Raw data>
▬▬▬

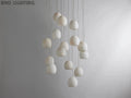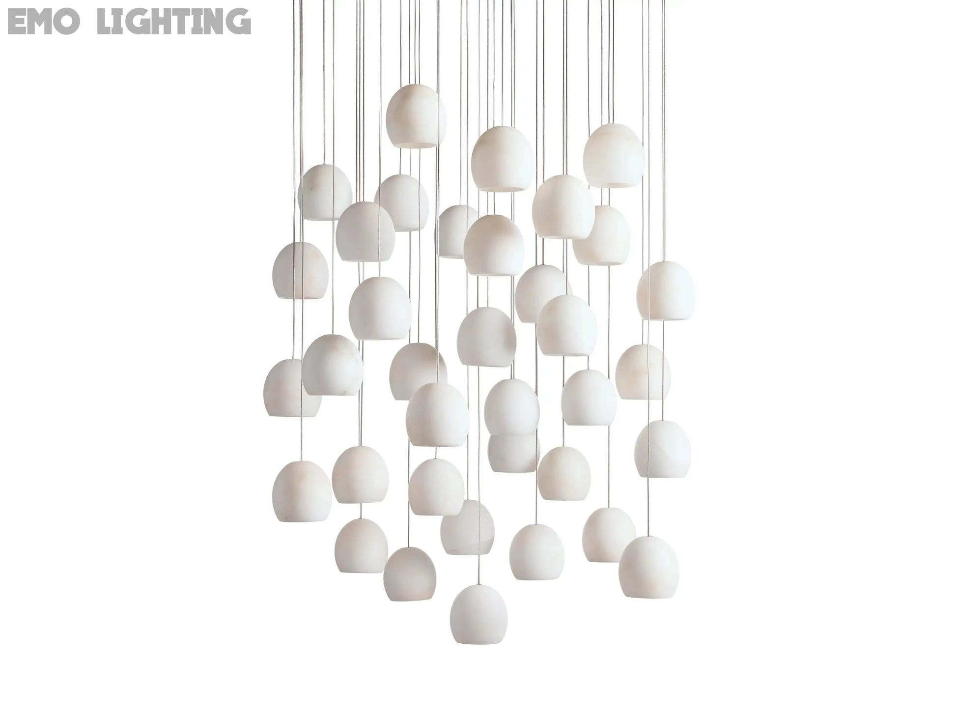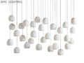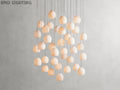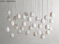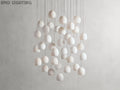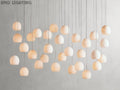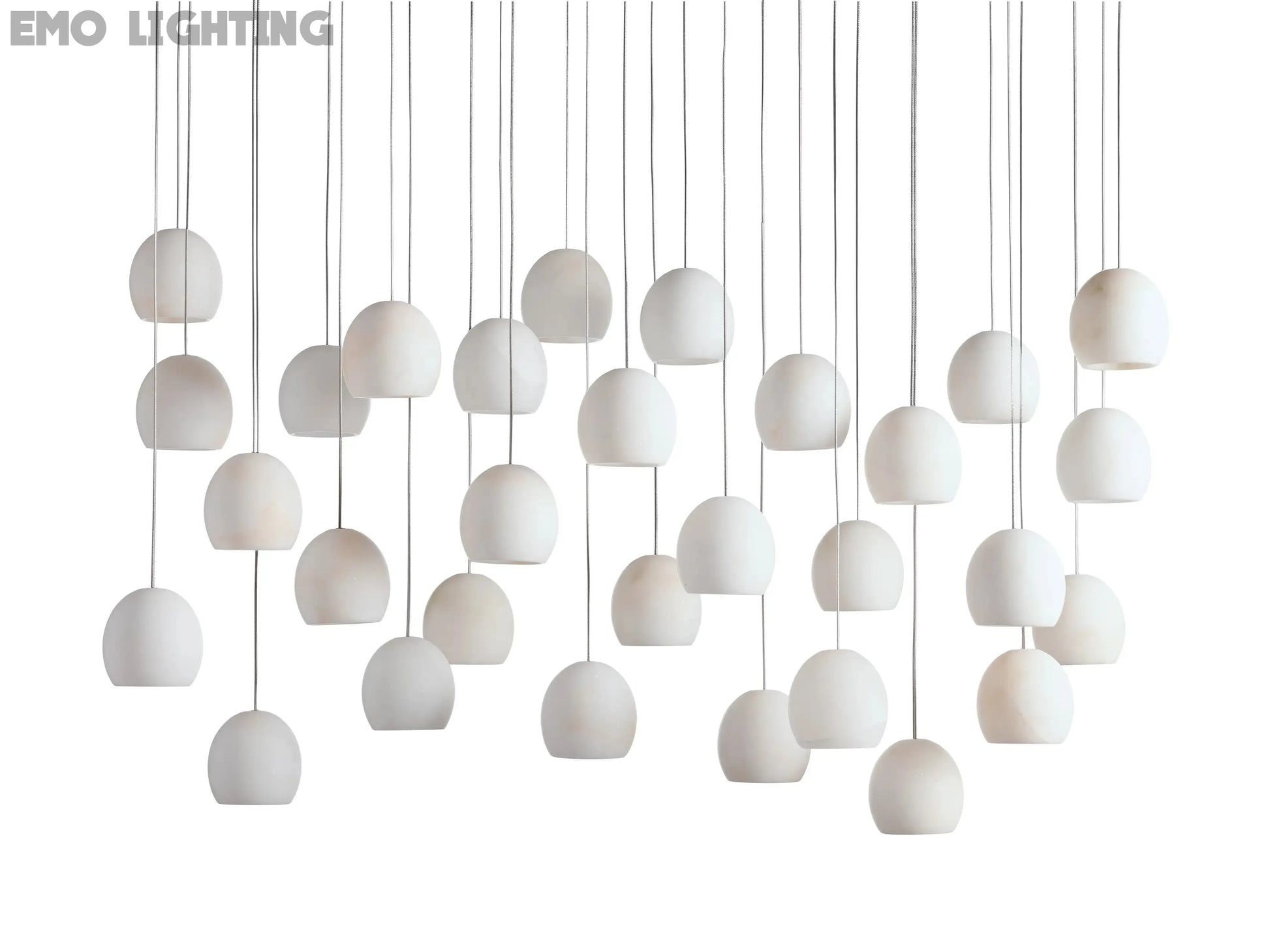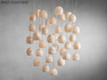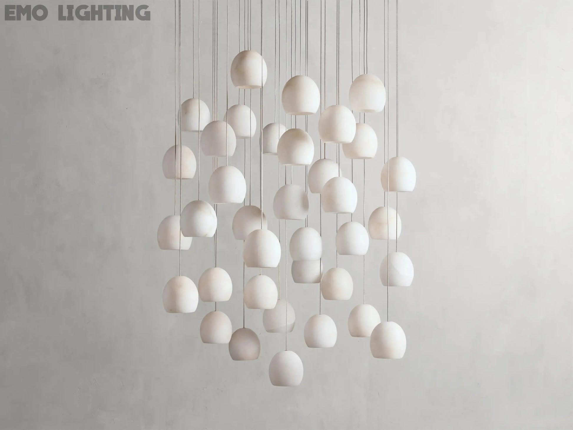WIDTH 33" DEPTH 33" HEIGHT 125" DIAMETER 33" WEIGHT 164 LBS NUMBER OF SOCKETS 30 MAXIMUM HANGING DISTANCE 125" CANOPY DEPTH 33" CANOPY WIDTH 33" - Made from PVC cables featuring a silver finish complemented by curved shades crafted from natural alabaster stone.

▬▬▬

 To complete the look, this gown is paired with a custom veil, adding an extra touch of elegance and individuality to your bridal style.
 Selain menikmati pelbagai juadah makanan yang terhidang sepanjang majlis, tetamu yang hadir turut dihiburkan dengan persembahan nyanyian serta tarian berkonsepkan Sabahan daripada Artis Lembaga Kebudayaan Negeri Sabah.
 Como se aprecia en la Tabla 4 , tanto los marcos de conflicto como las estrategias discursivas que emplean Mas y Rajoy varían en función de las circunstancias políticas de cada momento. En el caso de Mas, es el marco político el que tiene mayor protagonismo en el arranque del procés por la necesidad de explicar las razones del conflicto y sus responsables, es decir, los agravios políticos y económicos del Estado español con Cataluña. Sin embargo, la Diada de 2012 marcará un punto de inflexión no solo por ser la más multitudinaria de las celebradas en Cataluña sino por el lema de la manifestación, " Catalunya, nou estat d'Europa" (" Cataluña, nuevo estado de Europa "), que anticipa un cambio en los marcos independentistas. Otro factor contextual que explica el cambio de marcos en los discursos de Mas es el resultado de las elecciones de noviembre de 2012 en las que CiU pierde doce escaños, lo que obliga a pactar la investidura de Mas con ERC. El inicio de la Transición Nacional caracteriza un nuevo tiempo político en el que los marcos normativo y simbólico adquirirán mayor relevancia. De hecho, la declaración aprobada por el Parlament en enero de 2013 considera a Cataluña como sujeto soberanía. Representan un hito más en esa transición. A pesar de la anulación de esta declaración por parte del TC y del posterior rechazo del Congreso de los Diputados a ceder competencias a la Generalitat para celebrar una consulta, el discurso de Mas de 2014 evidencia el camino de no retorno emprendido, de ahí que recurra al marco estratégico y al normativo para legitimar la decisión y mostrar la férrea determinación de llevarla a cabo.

▬▬▬

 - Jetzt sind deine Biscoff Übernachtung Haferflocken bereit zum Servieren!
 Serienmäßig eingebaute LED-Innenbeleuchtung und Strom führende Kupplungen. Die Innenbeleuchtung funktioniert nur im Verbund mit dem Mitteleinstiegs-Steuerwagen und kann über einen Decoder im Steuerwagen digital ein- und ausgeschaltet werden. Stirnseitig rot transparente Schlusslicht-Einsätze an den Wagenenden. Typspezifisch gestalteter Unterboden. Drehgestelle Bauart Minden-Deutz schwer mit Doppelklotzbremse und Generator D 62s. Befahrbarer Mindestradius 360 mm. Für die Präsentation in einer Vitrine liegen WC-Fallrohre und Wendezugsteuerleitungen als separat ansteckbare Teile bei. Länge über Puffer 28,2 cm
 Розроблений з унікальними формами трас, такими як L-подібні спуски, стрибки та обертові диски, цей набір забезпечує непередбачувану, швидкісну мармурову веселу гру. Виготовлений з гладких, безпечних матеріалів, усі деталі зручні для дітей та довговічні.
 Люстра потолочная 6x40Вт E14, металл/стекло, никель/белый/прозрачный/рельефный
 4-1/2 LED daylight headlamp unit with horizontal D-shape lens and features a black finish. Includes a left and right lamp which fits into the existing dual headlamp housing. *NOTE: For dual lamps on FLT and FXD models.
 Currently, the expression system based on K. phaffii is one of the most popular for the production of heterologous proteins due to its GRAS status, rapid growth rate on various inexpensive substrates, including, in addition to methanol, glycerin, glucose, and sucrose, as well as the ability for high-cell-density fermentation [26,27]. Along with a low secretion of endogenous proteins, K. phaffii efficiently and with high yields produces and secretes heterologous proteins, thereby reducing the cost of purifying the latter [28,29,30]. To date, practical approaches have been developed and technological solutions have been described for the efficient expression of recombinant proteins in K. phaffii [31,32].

▬▬▬

Aim of the exercise>
The word "with" appears in some lines of the data; state how many such lines there are, and nothing further.

Output of the task>
3